Search papers, labs, and topics across Lattice.
This paper introduces iOSWorld, the first benchmark designed for evaluating personally intelligent phone agents by leveraging a persistent user identity across 26 newly developed iOS apps. The benchmark includes 133 tasks that assess agents' abilities to reason over interconnected personal data, with evaluations revealing that while the best models achieve a 52% success rate overall, they struggle significantly with multi-app tasks, scoring only 37%. The findings highlight the challenges of personal data integration in mobile agent performance and the potential for improved outcomes with privileged access to additional data formats.
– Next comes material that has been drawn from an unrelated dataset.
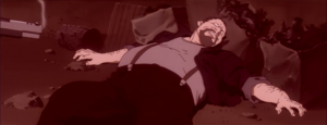 Wolfwood is seen repairing this battered red motorcycle in Tonim. PARADISE

Personalization is key: agents struggle with multi-app tasks, achieving only 37% accuracy despite an overall score of 52%.
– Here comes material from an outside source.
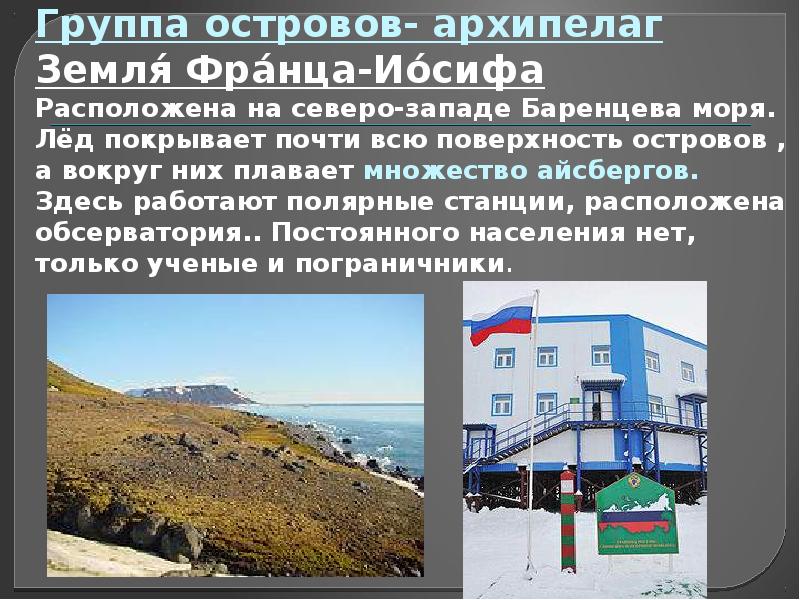 - 6. Группа островов- архипелаг Земля́ Фра́нца-Ио́сифа Расположена на северо-западе Баренцева моря. Лёд

A useful phone agent needs to be personally intelligent. It should reason over a user's identity, history, and preferences as they exist on the device, not just follow isolated instructions in an impersonal sandbox. Existing mobile agent benchmarks lack this kind of personalization. We introduce iOSWorld, the first interactive native iOS simulator benchmark built around a persistent user identity spanning 26 newly built iOS apps. These apps contain connected data such as transactions, messages, travel records, social relationships, and financial activity. iOSWorld includes 133 tasks across three increasingly difficult categories. Single-app tasks (27) test one app, multi-app tasks (60) span 2 to 8 apps, and memory and personalization tasks (46) require agents to infer patterns from personal data. We evaluate frontier and open-source computer-use models in both vision-only and privileged vision+XML settings. The best configuration reaches 52\% overall but only 37\% on multi-app tasks. Privileged vision+XML access improves frontier models by up to 26 percentage points, while smaller models do not benefit from added accessibility-tree input. We release iOSWorld as an open-source benchmark with all apps, seeded data, tasks, rubrics, and evaluation code.